**Problem statement:**
Reproduce everything from the line that contains "Купить Костюм для" down to the line that contains "嘉義大學農業推廣中心與植物醫" in the listing below, word for word and nothing more. Leave the pictures out.

[Dataset extract — start]

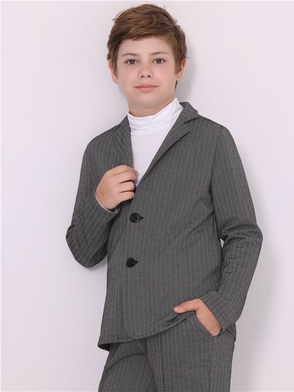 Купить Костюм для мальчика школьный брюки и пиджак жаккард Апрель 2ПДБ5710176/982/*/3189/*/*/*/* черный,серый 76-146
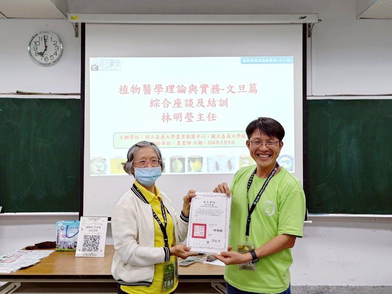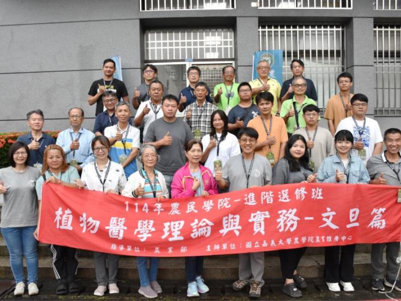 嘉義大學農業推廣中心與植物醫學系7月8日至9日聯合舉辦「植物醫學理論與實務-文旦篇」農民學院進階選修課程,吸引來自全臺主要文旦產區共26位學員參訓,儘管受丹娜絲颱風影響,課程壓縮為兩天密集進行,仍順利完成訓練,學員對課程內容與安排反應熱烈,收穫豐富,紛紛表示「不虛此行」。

[Dataset extract — finish]
[Dataset extract — start]

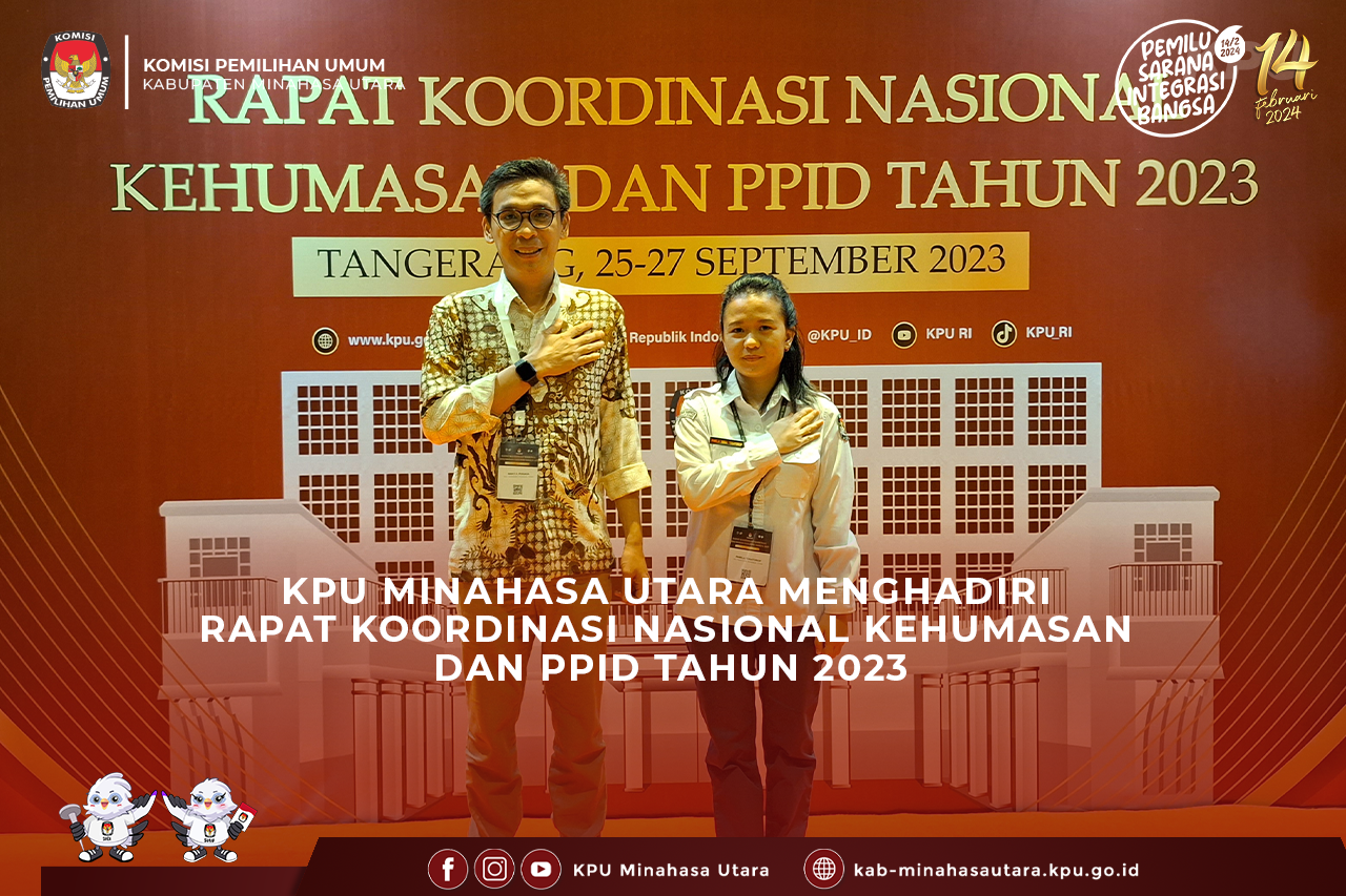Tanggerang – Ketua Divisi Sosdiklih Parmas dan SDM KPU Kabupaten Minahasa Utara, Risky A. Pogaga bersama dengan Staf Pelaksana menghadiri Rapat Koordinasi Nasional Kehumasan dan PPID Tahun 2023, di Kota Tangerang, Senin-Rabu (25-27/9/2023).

[Dataset extract — finish]
[Dataset extract — start]

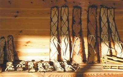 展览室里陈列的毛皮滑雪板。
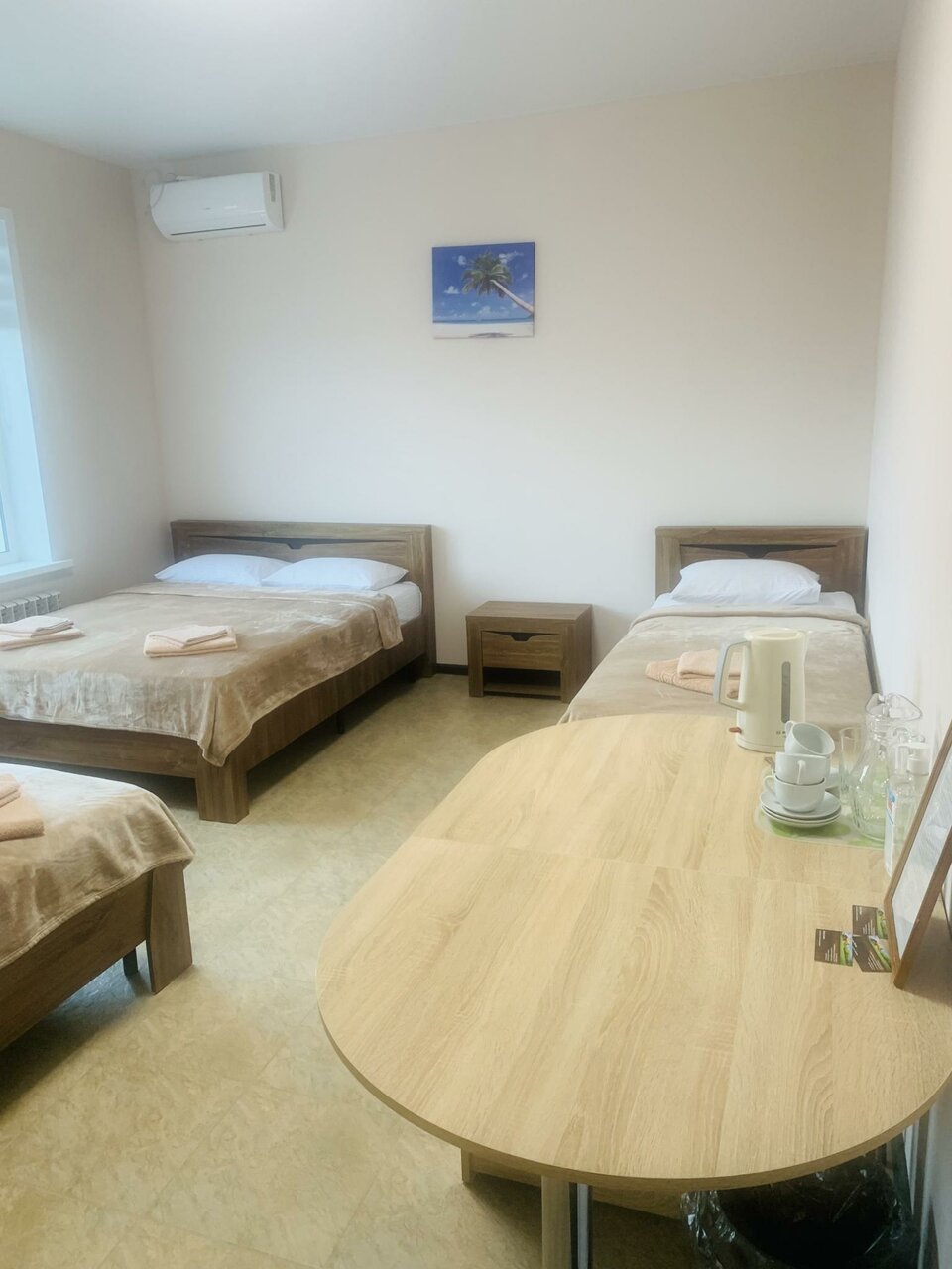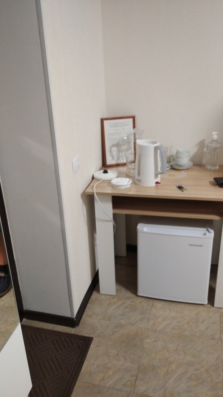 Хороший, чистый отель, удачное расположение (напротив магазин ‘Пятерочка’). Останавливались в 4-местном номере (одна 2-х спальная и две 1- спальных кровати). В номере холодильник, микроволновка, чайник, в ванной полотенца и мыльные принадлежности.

[Dataset extract — finish]

**Response:**
 Купить Костюм для мальчика школьный брюки и пиджак жаккард Апрель 2ПДБ5710176/982/*/3189/*/*/*/* черный,серый 76-146
 嘉義大學農業推廣中心與植物醫學系7月8日至9日聯合舉辦「植物醫學理論與實務-文旦篇」農民學院進階選修課程,吸引來自全臺主要文旦產區共26位學員參訓,儘管受丹娜絲颱風影響,課程壓縮為兩天密集進行,仍順利完成訓練,學員對課程內容與安排反應熱烈,收穫豐富,紛紛表示「不虛此行」。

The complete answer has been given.